[TASK INPUT]:
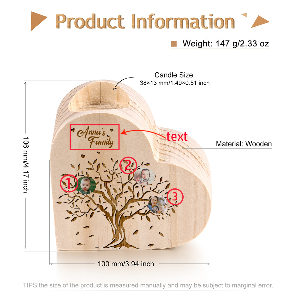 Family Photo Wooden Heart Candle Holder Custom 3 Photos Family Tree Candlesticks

...

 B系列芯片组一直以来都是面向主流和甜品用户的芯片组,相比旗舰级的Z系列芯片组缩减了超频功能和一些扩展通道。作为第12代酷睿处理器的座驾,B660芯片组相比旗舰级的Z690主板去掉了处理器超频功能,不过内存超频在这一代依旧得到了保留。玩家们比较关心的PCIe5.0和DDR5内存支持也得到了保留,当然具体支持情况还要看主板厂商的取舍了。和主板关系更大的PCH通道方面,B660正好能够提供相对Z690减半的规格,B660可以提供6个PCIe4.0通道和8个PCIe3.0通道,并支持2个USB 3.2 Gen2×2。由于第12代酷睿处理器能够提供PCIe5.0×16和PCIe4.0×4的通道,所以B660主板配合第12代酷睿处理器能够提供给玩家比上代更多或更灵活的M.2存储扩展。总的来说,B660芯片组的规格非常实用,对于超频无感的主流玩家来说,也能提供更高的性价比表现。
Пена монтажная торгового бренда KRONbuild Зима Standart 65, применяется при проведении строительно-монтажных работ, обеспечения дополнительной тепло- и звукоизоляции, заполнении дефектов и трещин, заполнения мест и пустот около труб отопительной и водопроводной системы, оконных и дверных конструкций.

* * *

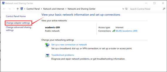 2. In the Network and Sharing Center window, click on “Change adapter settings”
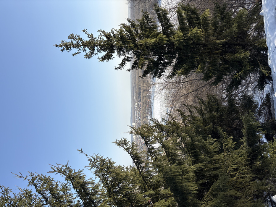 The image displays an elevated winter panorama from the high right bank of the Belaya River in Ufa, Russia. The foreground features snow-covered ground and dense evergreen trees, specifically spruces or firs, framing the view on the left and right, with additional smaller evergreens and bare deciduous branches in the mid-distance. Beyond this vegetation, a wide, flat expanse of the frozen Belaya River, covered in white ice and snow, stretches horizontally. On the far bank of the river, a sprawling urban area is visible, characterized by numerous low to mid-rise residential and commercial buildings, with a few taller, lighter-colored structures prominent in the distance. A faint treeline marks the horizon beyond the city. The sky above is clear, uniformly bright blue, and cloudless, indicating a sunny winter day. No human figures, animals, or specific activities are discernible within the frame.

[WHAT THE TASK ASKS]:
Nothing but the lines above from the one that has "2. In the Network" down to the one that has "The image displays" belongs in the answer, copied exactly, without pictures.

[REPLY]:
 2. In the Network and Sharing Center window, click on “Change adapter settings”
 The image displays an elevated winter panorama from the high right bank of the Belaya River in Ufa, Russia. The foreground features snow-covered ground and dense evergreen trees, specifically spruces or firs, framing the view on the left and right, with additional smaller evergreens and bare deciduous branches in the mid-distance. Beyond this vegetation, a wide, flat expanse of the frozen Belaya River, covered in white ice and snow, stretches horizontally. On the far bank of the river, a sprawling urban area is visible, characterized by numerous low to mid-rise residential and commercial buildings, with a few taller, lighter-colored structures prominent in the distance. A faint treeline marks the horizon beyond the city. The sky above is clear, uniformly bright blue, and cloudless, indicating a sunny winter day. No human figures, animals, or specific activities are discernible within the frame.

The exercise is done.